INFORMATION PROVIDED:
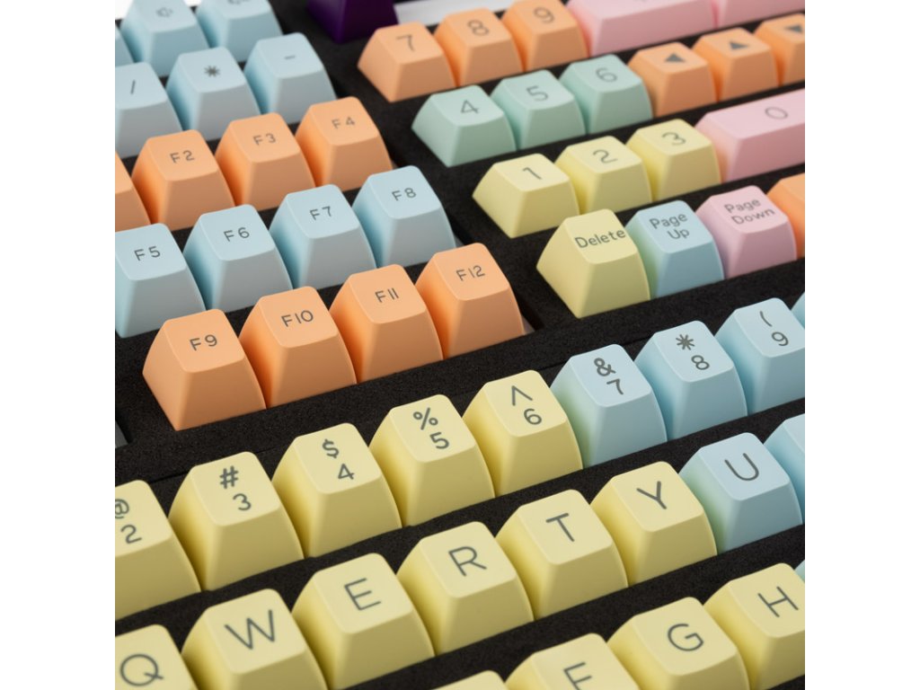 Tu ponúkaná súprava Ducky obsahujeKlávesnice ktoré pozostávajú zPlast ABS pozostáva z. Sada obsahuje 108 klávesov v americkom rozložení pre klávesnicu plnej veľkosti. Klávesy nie sú priesvitné.
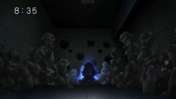 With Adiane’s apparent failure, Guame wants to be sent to dealt with the Daigurren next because he’s interested in the Lagann. At that moment, however, the Lagann is lying in a garbage heap on the Daigurren because Simon can’t use it. Yoko tells Nia that Simon can’t see his own troubles, so doesn’t have a place where he belongs. She feels that they can’t pamper him because he has to recover on his own or else it’s meaningless. Nia goes and finds Simon alone in a room making sculptures of Kamina with his drill, allowing her to understand how much Simon loved Kamina. Simon feels that he doesn’t have any redeeming abilities except in digging holes and remembers how he was derided by his old village. Kamina had been the sole person to not make fun of him, and Simon remembers Kamina’s strength and kindness. He wanted to become a man like Kamina, but he feels now that it’s impossible for him to do so.
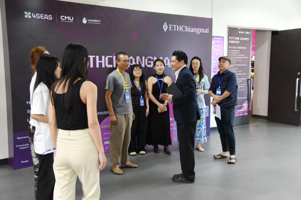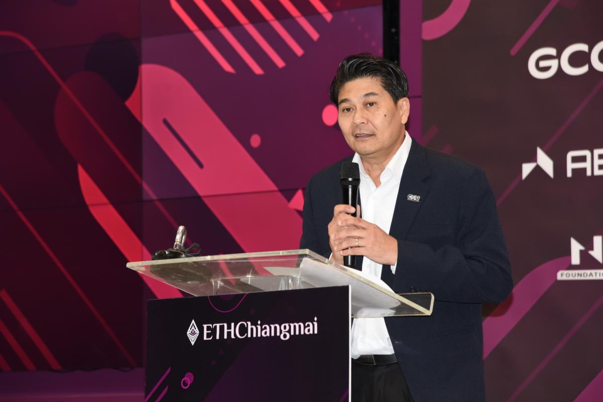 รองศาสตราจารย์ ดร.รัฐสิทธิ์ สุขะหุต รองอธิการบดีมหาวิทยาลัยเชียงใหม่ เป็นประธานกล่าวเปิดงาน ETH Chiangmai Future Summit 2026 เพื่อให้นักสร้างสรรค์ นักคิด และผู้ปฏิบัติงาน ได้พบปะพูดคุยเกี่ยวกับรากฐานของอารยธรรมดิจิทัล โครงสร้างพื้นฐานสาธารณะ โลกแห่งความเป็นจริง การทำงานร่วมกันในสถาบันการศึกษา และโครงการบุกเบิกในเชียงใหม่ ซึ่งประเพณีและความทันสมัยมาบรรจบกัน ตลอดจนการแลกเปลี่ยนความคิดและการปฏิบัติที่เป็นรูปธรรม ณ ห้องประชุมทองกวาว สำนักบริการวิชาการ มหาวิทยาลัยเชียงใหม่ วันอังคารที่ 3 กุมภาพันธ์ พ.ศ. 2569
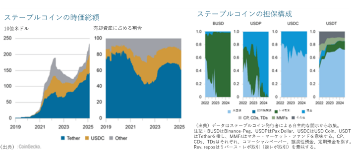 ニューヨーク連邦準備銀行は、ステーブルコイン市場におけるテザーとUSDCの優位性を強調しており、両者はいずれも米国短期国債の大口保有者であると指摘しています(図2)。

REQUIRED ACTION: Give back the whole listing exactly, without pictures.

TASK SOLUTION:
 Tu ponúkaná súprava Ducky obsahujeKlávesnice ktoré pozostávajú zPlast ABS pozostáva z. Sada obsahuje 108 klávesov v americkom rozložení pre klávesnicu plnej veľkosti. Klávesy nie sú priesvitné.
 With Adiane’s apparent failure, Guame wants to be sent to dealt with the Daigurren next because he’s interested in the Lagann. At that moment, however, the Lagann is lying in a garbage heap on the Daigurren because Simon can’t use it. Yoko tells Nia that Simon can’t see his own troubles, so doesn’t have a place where he belongs. She feels that they can’t pamper him because he has to recover on his own or else it’s meaningless. Nia goes and finds Simon alone in a room making sculptures of Kamina with his drill, allowing her to understand how much Simon loved Kamina. Simon feels that he doesn’t have any redeeming abilities except in digging holes and remembers how he was derided by his old village. Kamina had been the sole person to not make fun of him, and Simon remembers Kamina’s strength and kindness. He wanted to become a man like Kamina, but he feels now that it’s impossible for him to do so.
 รองศาสตราจารย์ ดร.รัฐสิทธิ์ สุขะหุต รองอธิการบดีมหาวิทยาลัยเชียงใหม่ เป็นประธานกล่าวเปิดงาน ETH Chiangmai Future Summit 2026 เพื่อให้นักสร้างสรรค์ นักคิด และผู้ปฏิบัติงาน ได้พบปะพูดคุยเกี่ยวกับรากฐานของอารยธรรมดิจิทัล โครงสร้างพื้นฐานสาธารณะ โลกแห่งความเป็นจริง การทำงานร่วมกันในสถาบันการศึกษา และโครงการบุกเบิกในเชียงใหม่ ซึ่งประเพณีและความทันสมัยมาบรรจบกัน ตลอดจนการแลกเปลี่ยนความคิดและการปฏิบัติที่เป็นรูปธรรม ณ ห้องประชุมทองกวาว สำนักบริการวิชาการ มหาวิทยาลัยเชียงใหม่ วันอังคารที่ 3 กุมภาพันธ์ พ.ศ. 2569
 ニューヨーク連邦準備銀行は、ステーブルコイン市場におけるテザーとUSDCの優位性を強調しており、両者はいずれも米国短期国債の大口保有者であると指摘しています(図2)。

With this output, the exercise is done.